Whenever I hear the opening strains of “What’s Going On,” the title song from Marvin Gaye’s incomparable 1971 album, I stop whatever I’m doing to let it (and, often, the entire record) play to completion. “What’s Going On” remains, for me (as for so many of its admirers), one of the greatest singles ever written by an American. This superlative also applies to What’s Going On as a whole, making it a notable achievement in Gaye’s long and distinguished career.
What’s Going On celebrated its 50th anniversary in 2021, although celebrate may be the wrong verb to employ when considering how little the themes, issues, and laments this album chronicles have changed during the intervening half-century.
When phrased this way, such dismal commentary strikes the wrong tenor. No, my intention is to applaud Gaye for composing such an urgent and splendid work of art, yet my attempts to ignore the gloomy thoughts that it provokes—ideas that niggle and jiggle and burrow their way through my consciousness as Gaye’s masterpiece unfolds over nine tracks—almost always fail.
These songs resonate differently now than they did before COVID-19, causing me to ask myself, the last time “What’s Going On” played over the car radio, “Can we really have made so little progress?” This same thought occurred when, later that day, I listened to the rest of the album. What’s Going On, released on 21 May 1971, offered a bracing challenge as 2021 came to a close, a provocation that refuses to diminish or disappear as 2022 reaches its midpoint: Have we travelled so far, only to find ourselves back where we started?
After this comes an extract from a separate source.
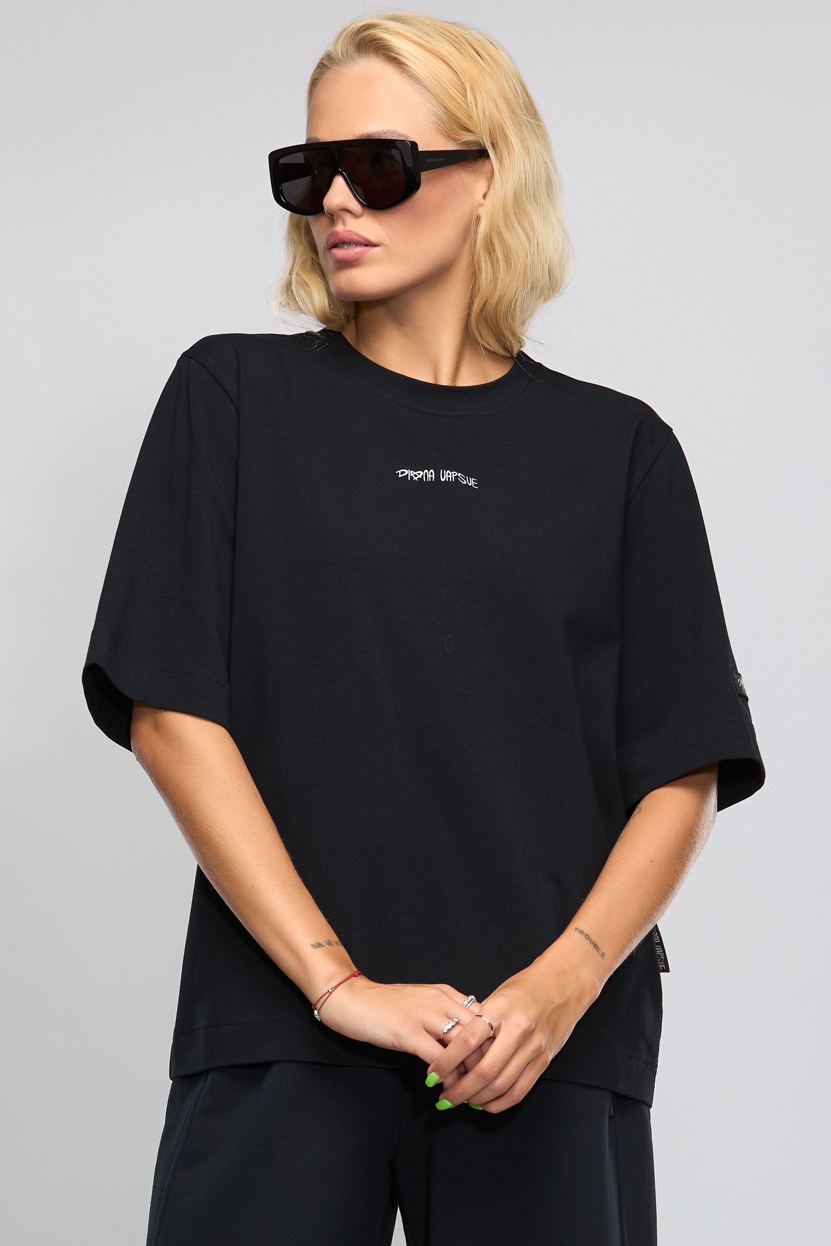 - Marškinėliais us Diana Vapsve užrašu priekyje

This pessimism is no doubt unwarranted, just a dash of pandemic fatigue marring my otherwise happy sabbatical from university teaching, so, to shake off the cloak of cynicism threatening to envelop me, I listened to What’s Going On last week after hearing the title track (yet again) while lunching at one of my favorite local eateries.
That experience was so unexpected that the differences are worth reporting here. This time, Marvin Gaye’s genius for songwriting and social observation came to the fore (even if the subjects What’s Going On tackles aren’t pleasant to consider). Gaye’s world was so rife with venomous racism, political sclerosis, and environmental cataclysm that he devoted his best album to narrating, in haunting terms, its perils and promise. Their eerie similarities to our present decade’s manias and malaises evoked emotions that, like a rolling tide, broke evenly toward the shores of desperation and inspiration.
Gaye expresses these melancholy paradoxes in his lyrics, yet his voice—venturing over an astonishing range of tones, tempers, and octaves—dramatizes their contradictory events and difficult feelings so well that you needn’t listen to every word to get the message: We’d better start caring for each other regardless of circumstances if we wish to experience lives worthy of the gift that living represents.

The opening number beautifully tracks Gaye’s voice as it moves from warbling falsettos to gushing baritones, sometimes in the space of a single measure, to implore its audience to “find a way / To bring some lovin’ here today.”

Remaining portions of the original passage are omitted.